Re: [rtcweb] More H.264 vs VP8 tests

On 2013-06-22 18:54, Leon Geyser wrote:
> Hi Bo,
>
> Thanks for the additional testing done.
>
> I am not 100% why we have to test with fixed qp-levels when WebRTC is
> going to be used over the internet. I would assume that WebRTC would be
> used over the internet...
> My understanding of rate-control might be completely wrong. Why test
> modes that might not even be used in real-world scenarios?

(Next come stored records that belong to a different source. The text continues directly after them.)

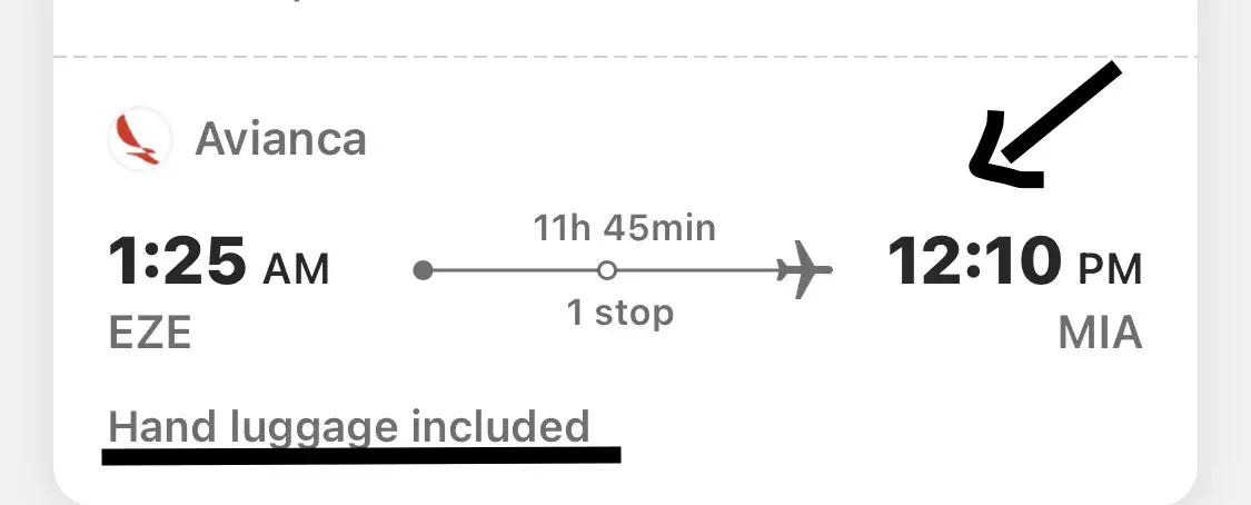 EZE (1:25am) -> MIA (12:10 pm) 11hr 45min with Avianca Airlines May 2 2023.
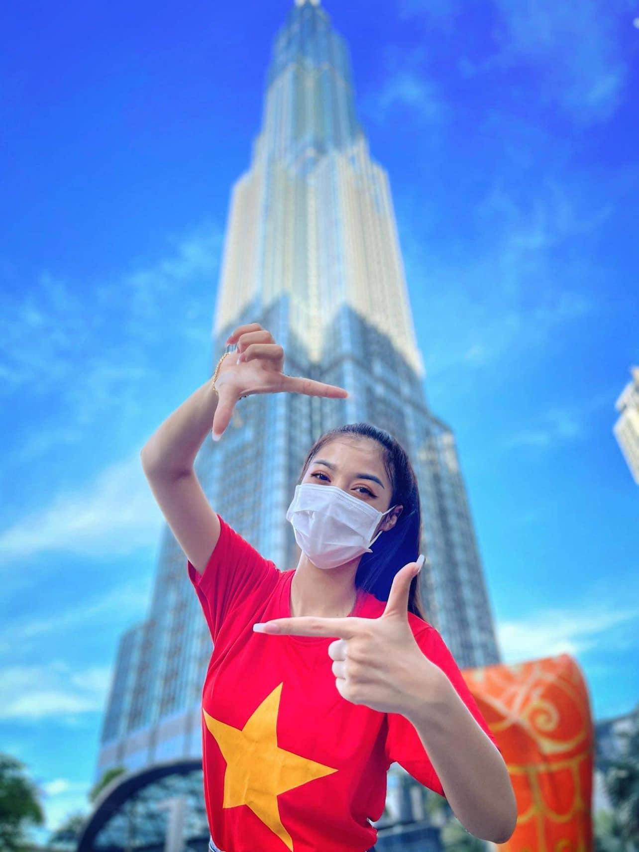 Trên trang cá nhân, cô mặc áo cờ đỏ sao vàng, đeo khẩu trang phòng dịch COVID-19 và gửi lời kêu gọi: "Việt Nam nghiêm túc thực hiện phòng chống dịch COVID-19. Thực hiện bầu cử theo đúng quyền và nghĩa vụ của công dân".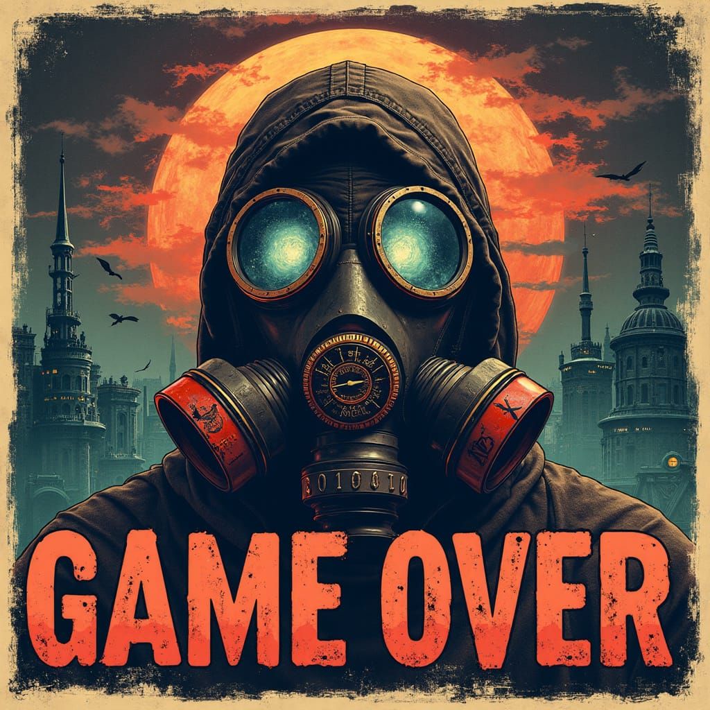 This image shows vintage album cover art featuring a gas mask. The artwork evokes retro horror and a dark sci-fi city, with bold text "GAME OVER" in a retro sci-fi graphic style.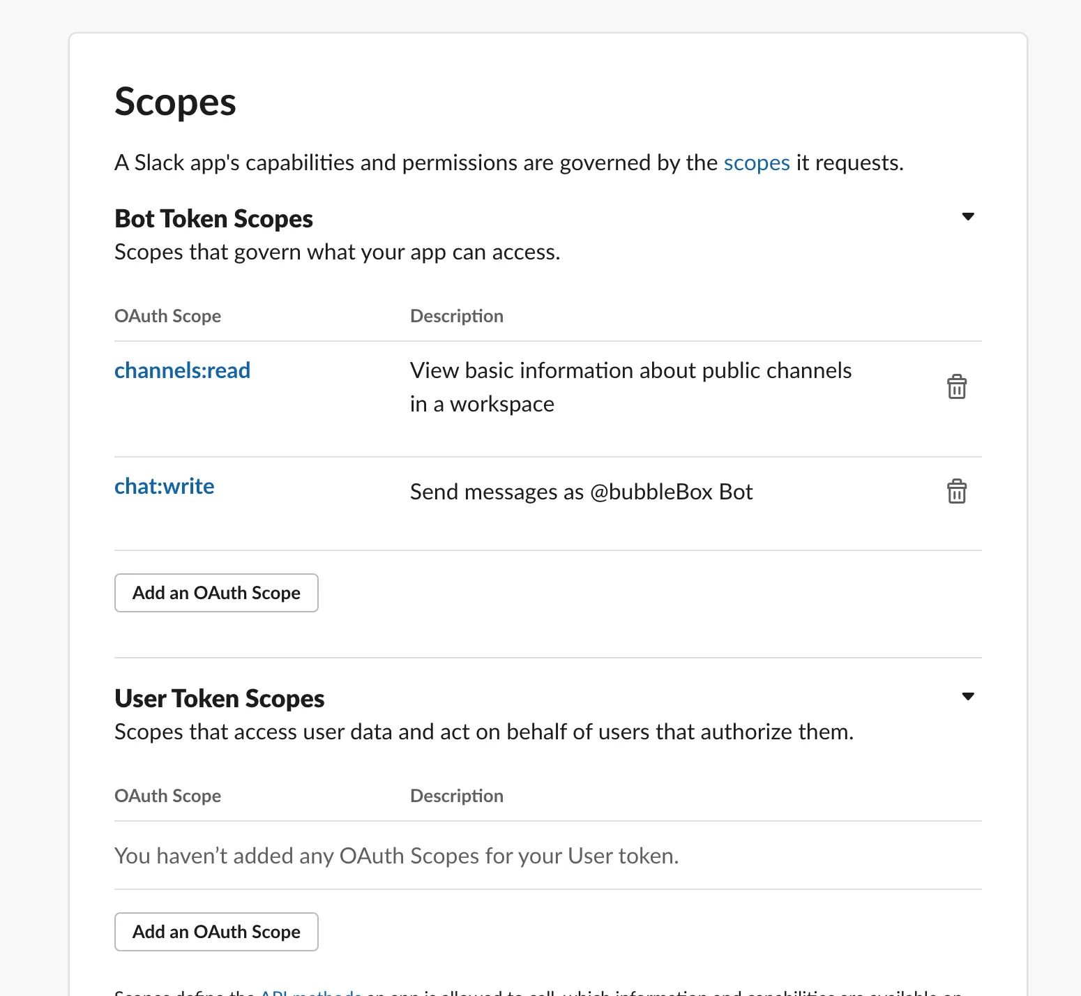chat:write → 봇이 메시지를 작성할 수 있습니다.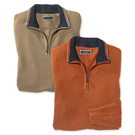 A classic layering piece, this all-cotton sweater from Club Room is finished with a quarter-zip closure.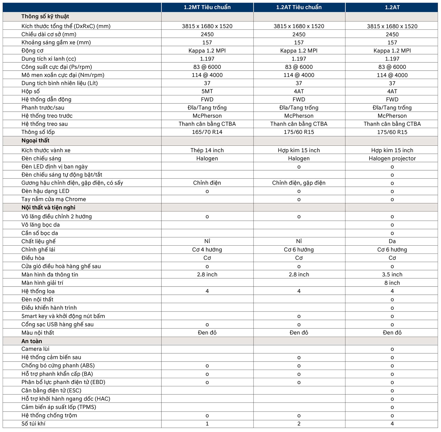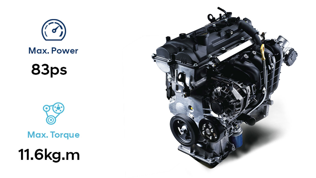 Động cơ 4 xylanh Kappa dung tích 1.2L, đi cùng công nghệ van biến thiên CVVT, cho công suất cực đại 83 mã lực tại 6.000 vòng/phút và moment xoắn 114 Nm tại 4.000 vòng/phút.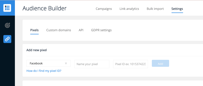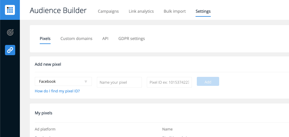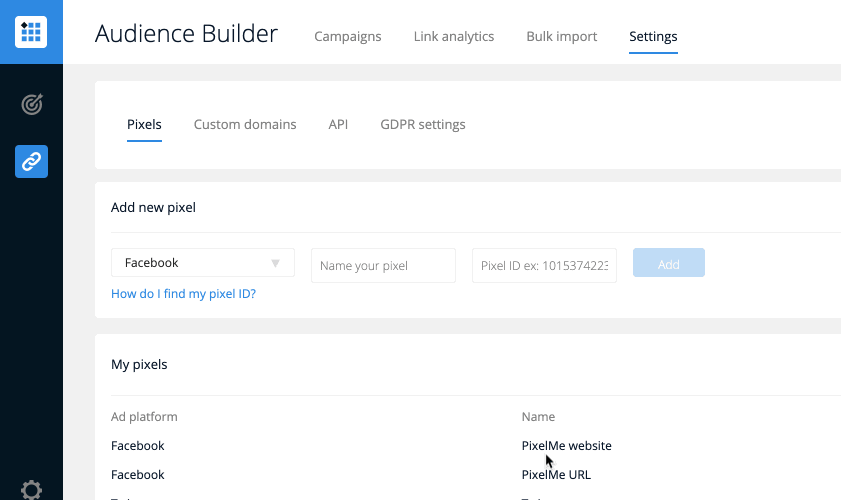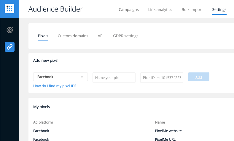You can add your retargeting Pixels ID in the settings tab of your PixelMe account. Select the platform, choose a name so you can select it easily later and copy paste your Pixel ID in the dedicated text field.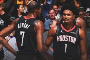 本場比賽,杜蘭特全場出戰(zhàn)34分半,18投5中,拿到11分4板5助1斷1帽,正負值+20;阿門打了38分鐘26投13中,三分3中1、罰球1中1拿到28分10籃板7助攻2搶斷,正負值+22。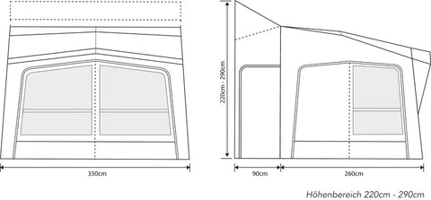 Freistehendes Reisemobilvorzelt mit Single Inflation Technologie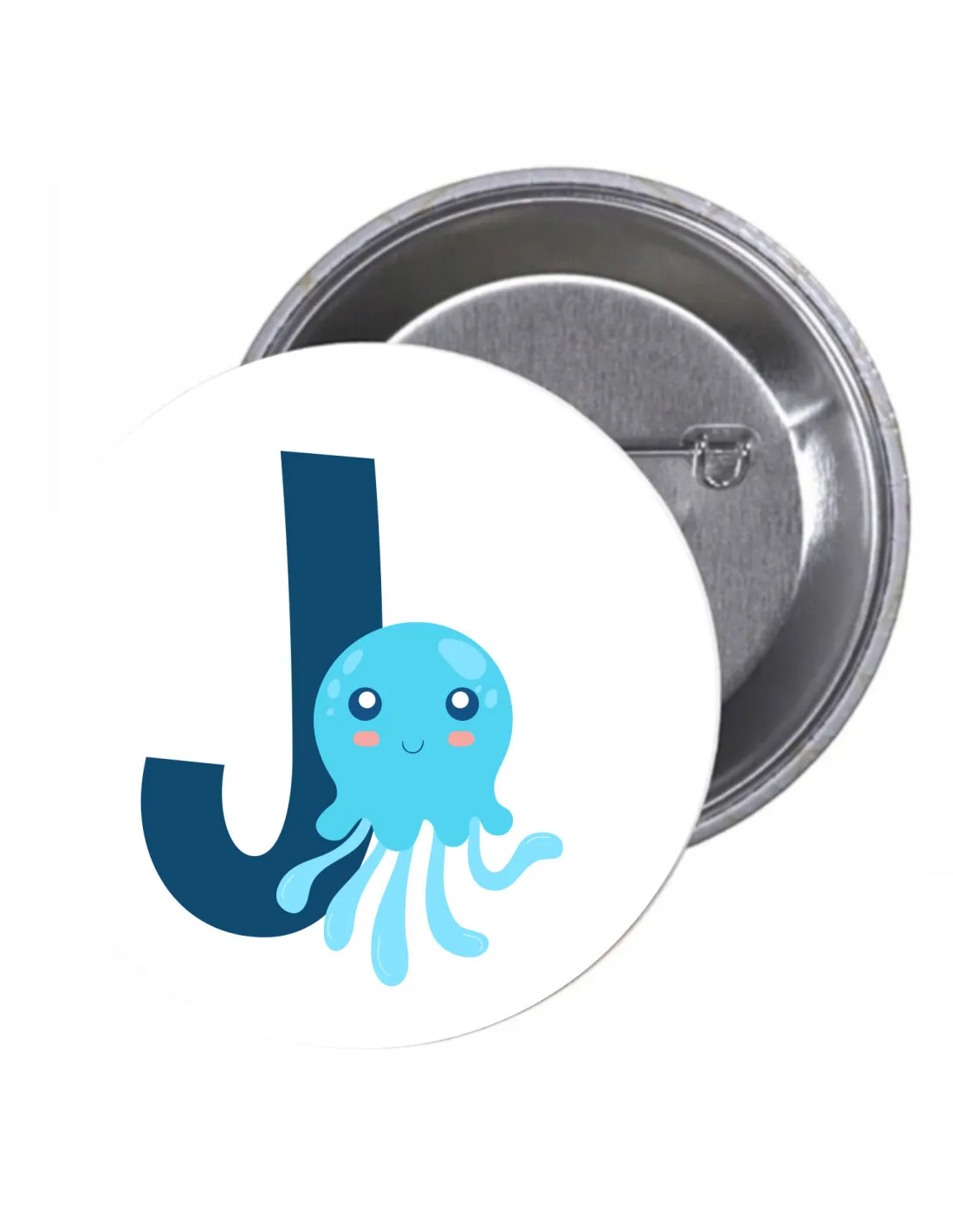 Przypinki Buttony Literki dla Dzieci – J Znaczki Badziki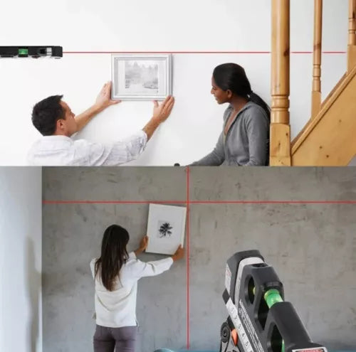 ✅️ Multifuncional: Combina un nivel de burbuja de triple posición, una regla, una cinta métrica y un láser de líneas cruzadas en una sola herramienta.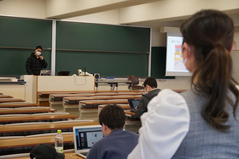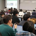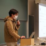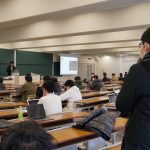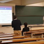 一人あたり質疑応答込み12分と例年通りの短い発表時間ですが、2会場のパラレルセッションとして次々に研究発表が行われました。昨年、一作年のコロナ禍による制限された状況とは違い、B4学生は基本的に発表時以外も対面での会場参加、B3以下の学生は会場聴講でも動画視聴でもOKとしました。会場では、学生からの質問・コメントもかなり活発に行われており、コロナ禍より前の従来の卒論発表会の姿が戻ってきました。その様子の写真を掲載します。ぜひご覧ください。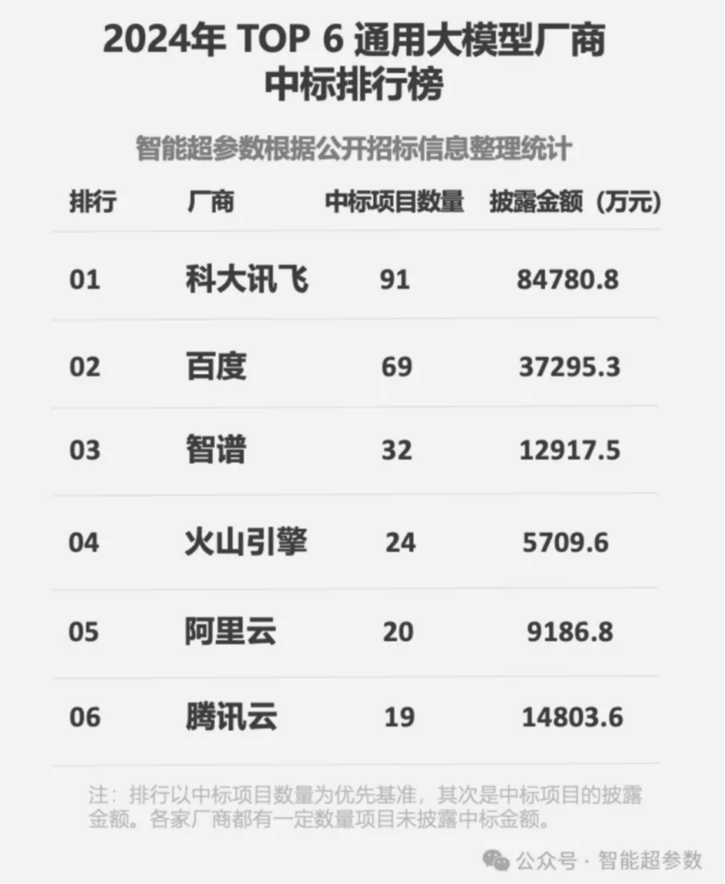 招投标市场的公开信息也佐证着这一点。根据第三方机构智能超参数最新发布的《中国大模型中标项目监测报告(2024)》,2024 年,在通用大模型厂商中标排行榜中,前五名几乎全部来自AI大厂。其中,科大讯飞更是以91个中标项目、披露中标金额84780.8万元排名第一,成为2024年度标王。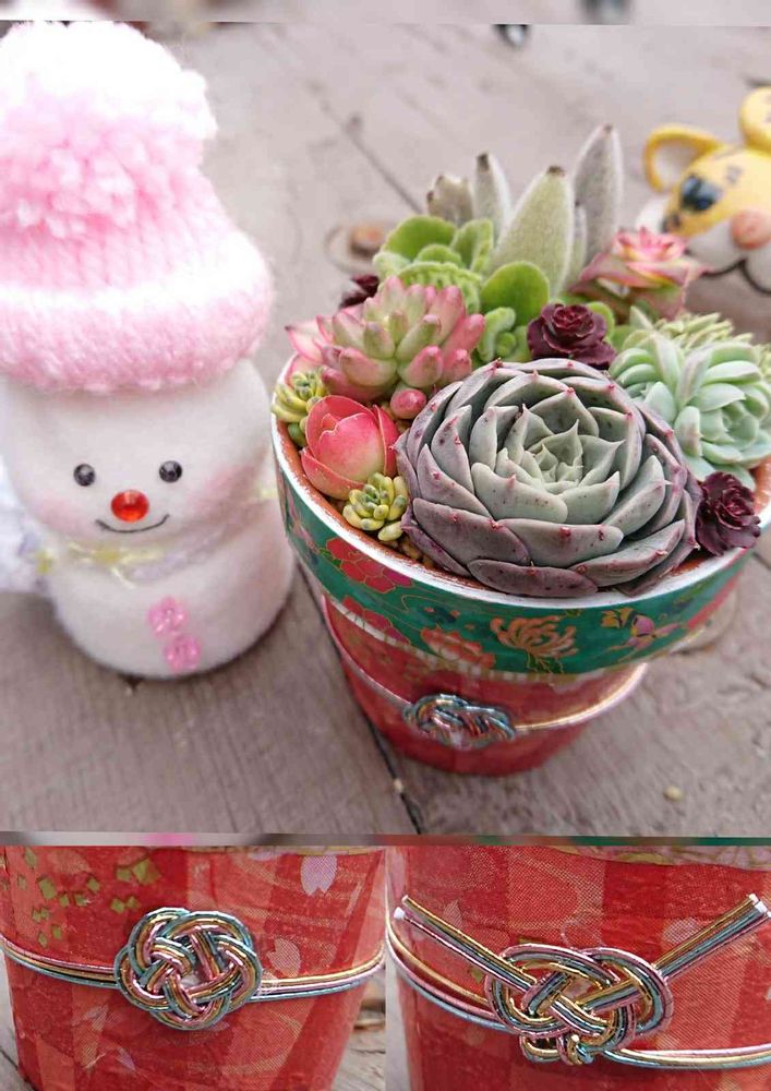 素敵な寄せ植えと水引を結んだ和のデコ鉢のお隣に♥

Hi Leon (responding for Bo who is enjoying his vacation),

you are absolutely right, these codecs are going to be used with 
rate-controllers when deployed in the real world. However, we still do 
not think it is a good idea having rate control turned on when comparing 
them. The reason is that the rate controller influences the quality so 
much that it is very hard to get any comparable signal if you include 
them. Let me give you one example; let's say that you use the same 
codec, but two different rate controllers. Rate control A is very 
liberal with its bits in the beginning of the sequence, whereas rate 
control B is very frugal. On a video conferencing type sequence, where 
the camera is static and not much is happening, rate control A will win 
by a huge margin over rate control B. The reason is that the first frame 
will be encoded very well and this data can be used during the remainder 
of the sequence. Rate control B will not be able to stand a chance, even 
though it has more bits for the remaining images.  And this is with the 
same video codec!

We could of course try to make sure that the two rate controllers have 
similar settings; however, since they are not identical they cannot be 
made to work exactly the same. Even small changes in rate control 
settings could have a huge effect on the end result.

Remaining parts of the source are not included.